**Given records**
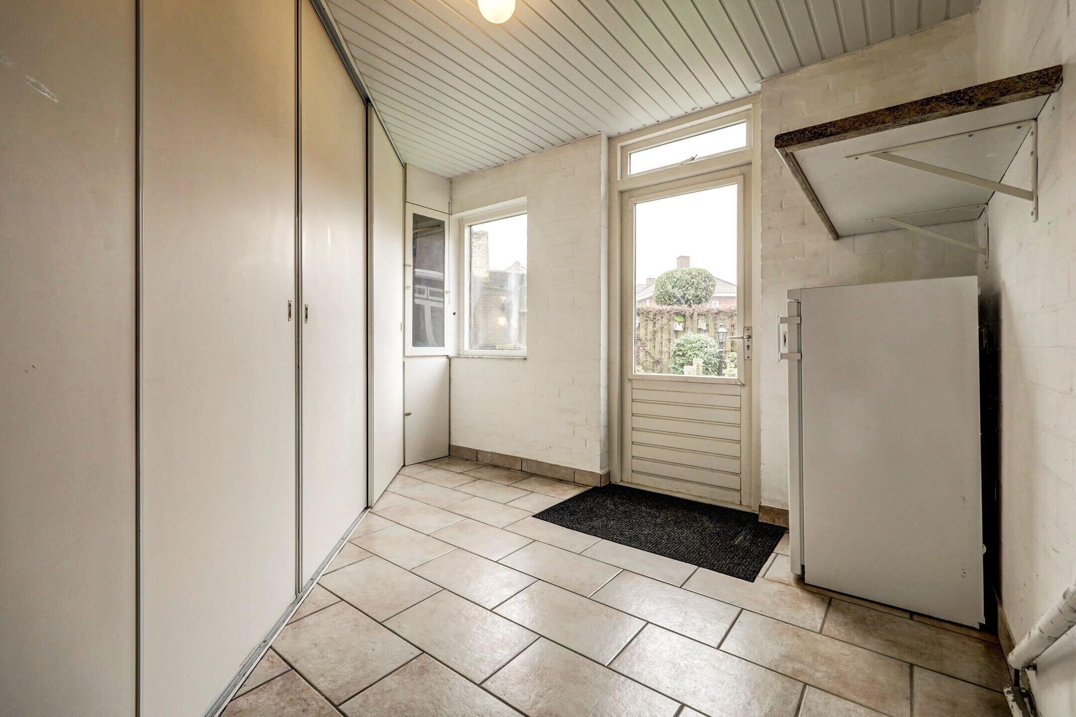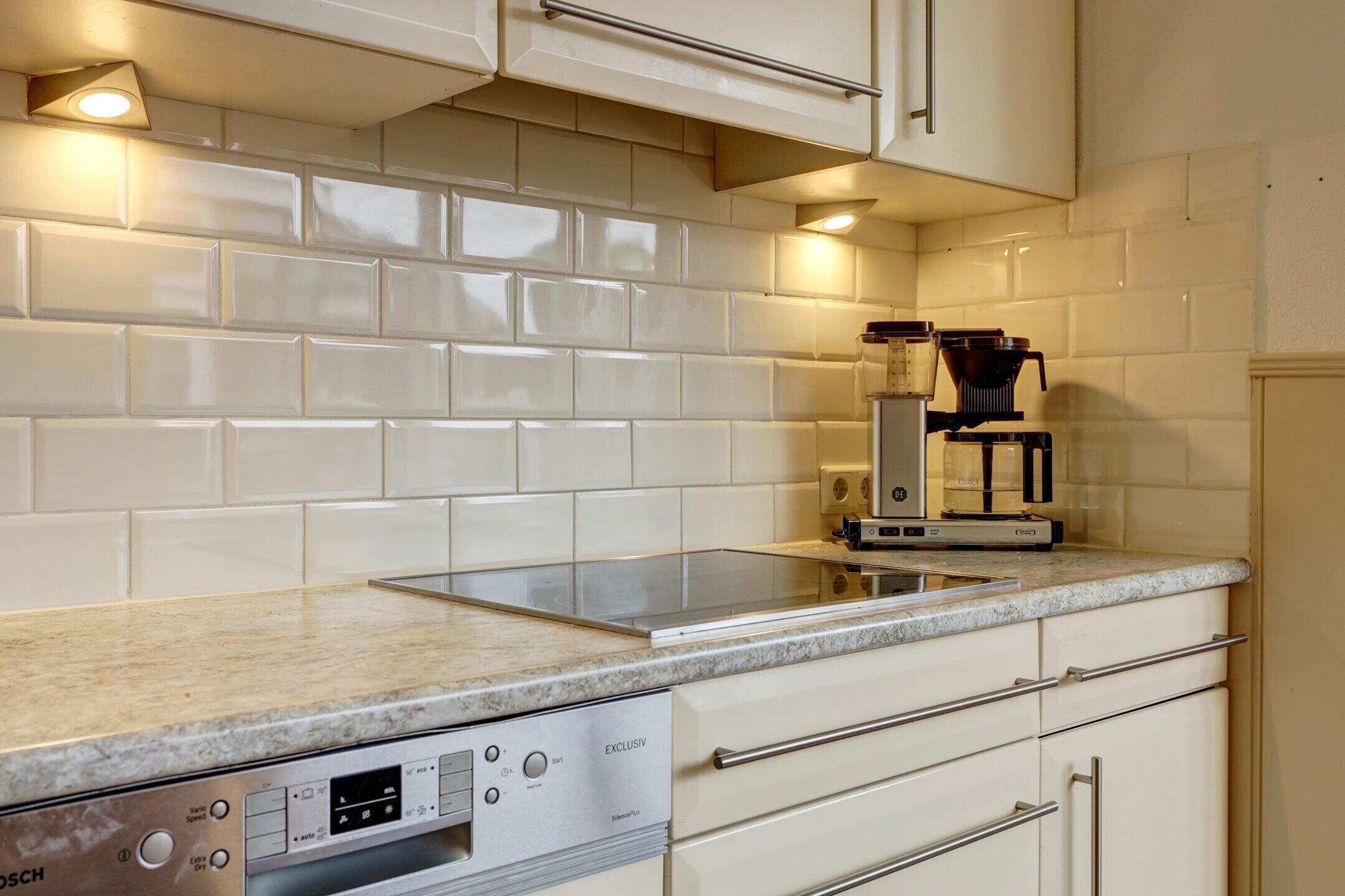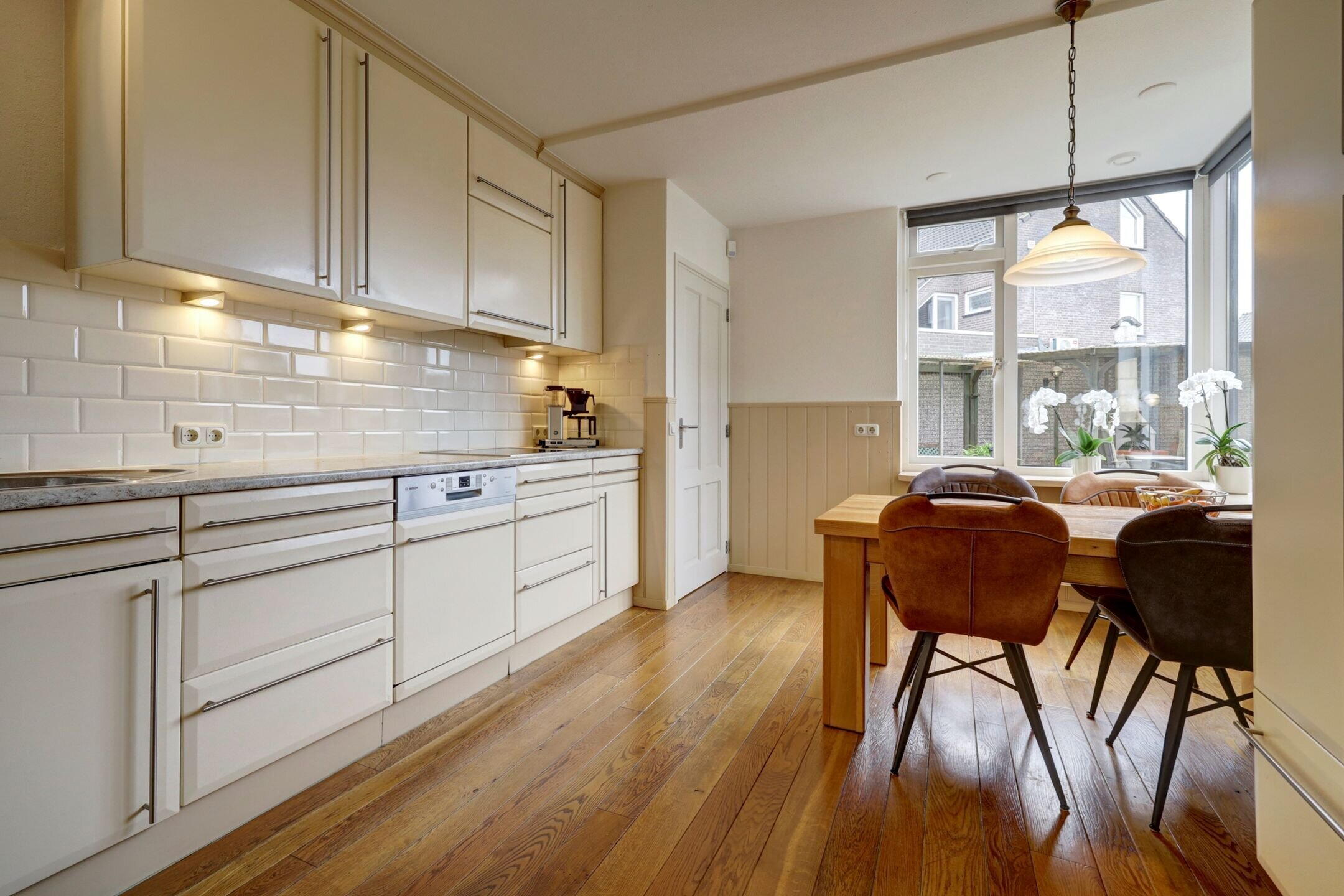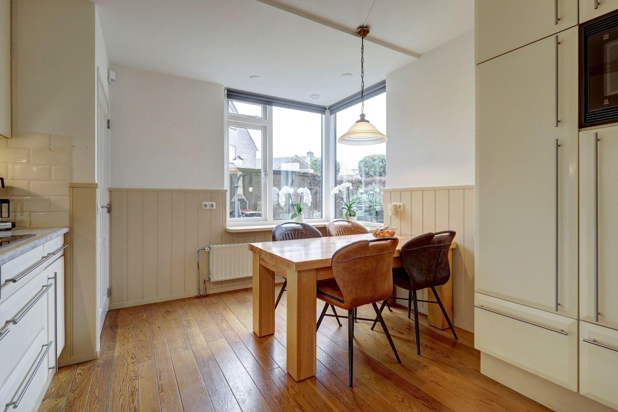 Vanuit de hal loop je door naar de keuken. Deze ziet er nog netjes en functioneel uit maar biedt ook volop mogelijkheden om naar eigen smaak te moderniseren. Je kookt hier op een vierpits keramisch fornuis of in de combi-oven. Verder zijn er een koelkast en een vaatwasser aanwezig waarbij de vaatwasser circa vijf jaar geleden nog is vervangen. De keuken beschikt over een anderhalve spoelbak, een onderhoudsvriendelijk kunststof aanrechtblad en een achterwand met witte metrotegels die zorgen voor een frisse uitstraling. Vanuit de keuken heb je zicht op de oprit en via het grote hoekraam geniet je van een mooi uitzicht over de achtertuin. Er is voldoende ruimte voor het plaatsen van een eettafel hoewel deze ook uitstekend in de woonkamer past. Hierdoor ontstaat de mogelijkheid om de keuken te vergroten en bijvoorbeeld te kiezen voor een royale opstelling met kookeiland. Achter de keuken bevindt zich nog een praktische bijkeuken/wasruimte. Hier vind je de witgoedaansluitingen, een wasbak met warm en koud water en een deur naar de tuin. Een fijne extra ruimte voor het dagelijkse gebruik.
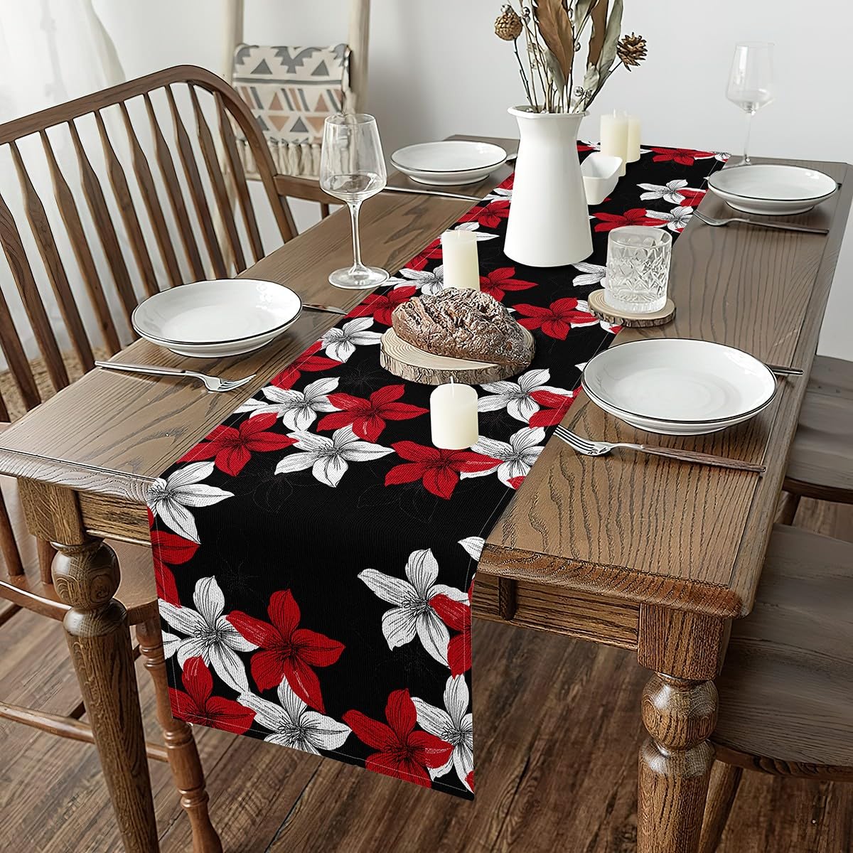 jejeloiu Flower Floral Seasonal 13" x 72" Black and Red Table Runner Ultra Soft Boho Floral Home Decor for Living Room Dresser Runners Romantic Floral|Kitchen & Dining
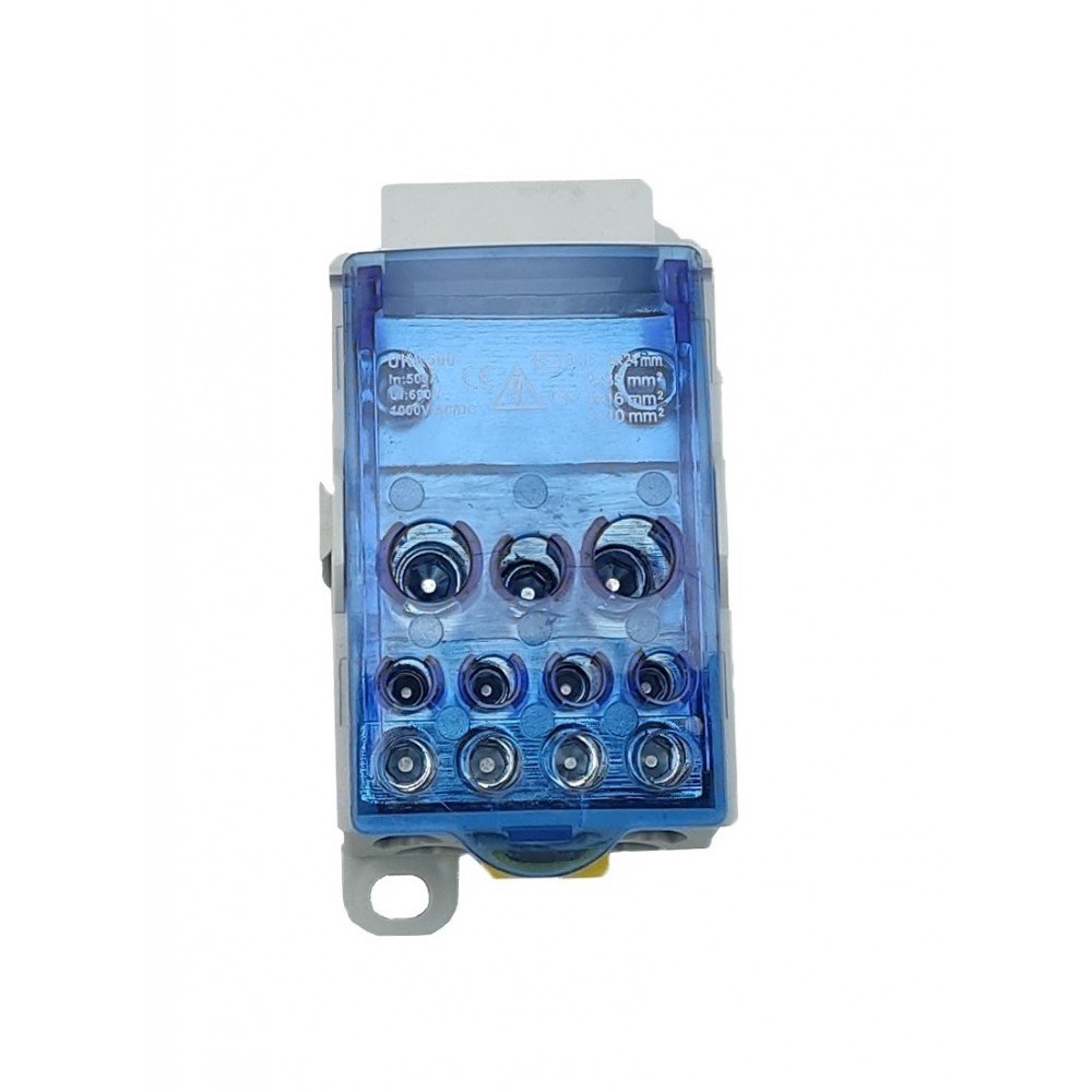 Розподільний блок на DIN-рейку РБД-500А - призначений для використання в якості клемного затиску при підключенні до провідника більшого перерізу кількох провідників меншого перерізу, з метою створення впорядкованої системи розподілу в шафах, для організації головної заземлюючої шини.
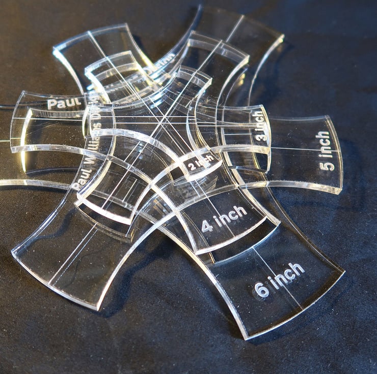 5 interlocking templates sizes graded from 6 inches down to 1 inch. 6 templates in
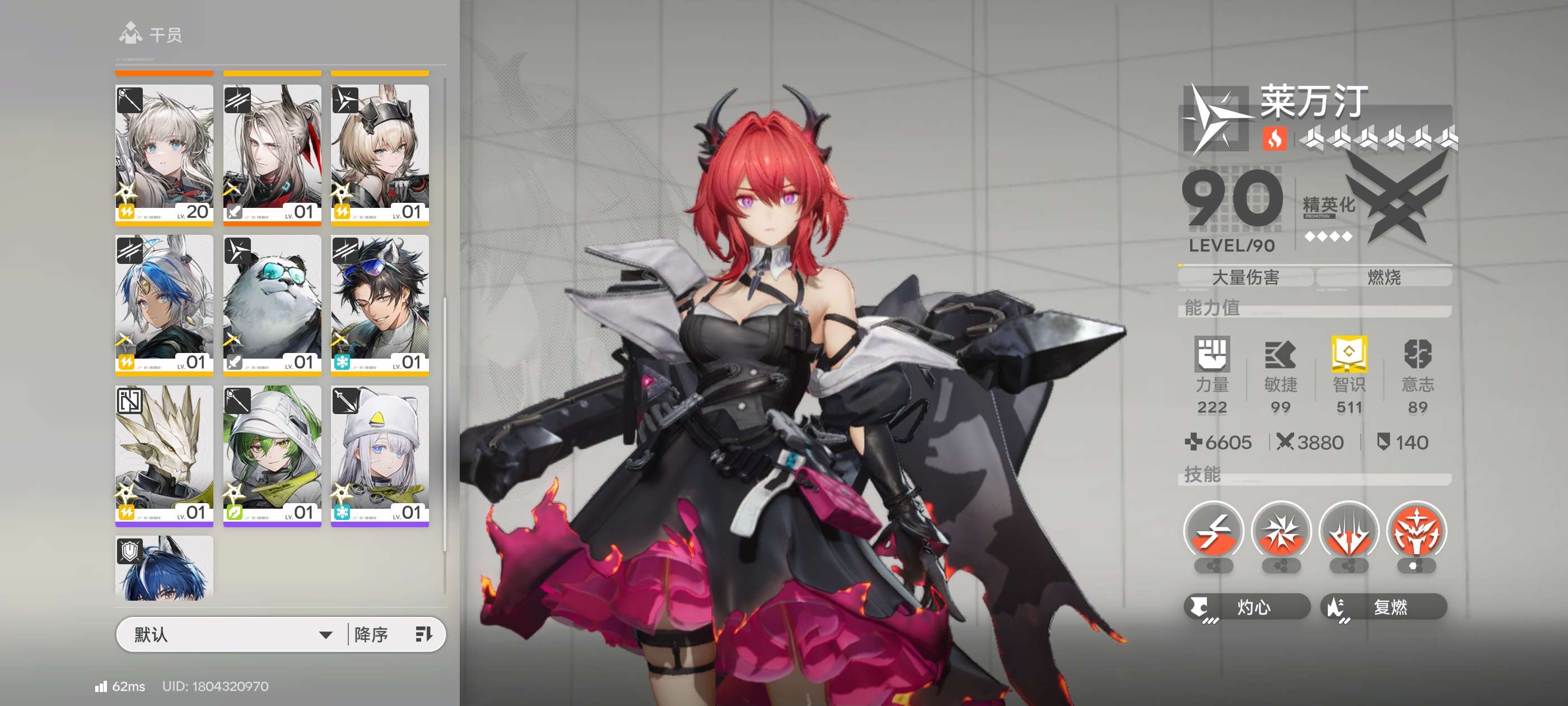 0+1莱万汀1+2小羊1+0老爷子0别礼,莱万汀几乎满练,主线过完基建矿物几乎拉满有三个自选六星武器

**Exercise details**
Nothing but the lines from the one holding "Розподільний блок на" to the end of the entries above should be echoed, exactly and with both ends included; omit the pictures.

**Reply to the task**
 Розподільний блок на DIN-рейку РБД-500А - призначений для використання в якості клемного затиску при підключенні до провідника більшого перерізу кількох провідників меншого перерізу, з метою створення впорядкованої системи розподілу в шафах, для організації головної заземлюючої шини.
 5 interlocking templates sizes graded from 6 inches down to 1 inch. 6 templates in
 0+1莱万汀1+2小羊1+0老爷子0别礼,莱万汀几乎满练,主线过完基建矿物几乎拉满有三个自选六星武器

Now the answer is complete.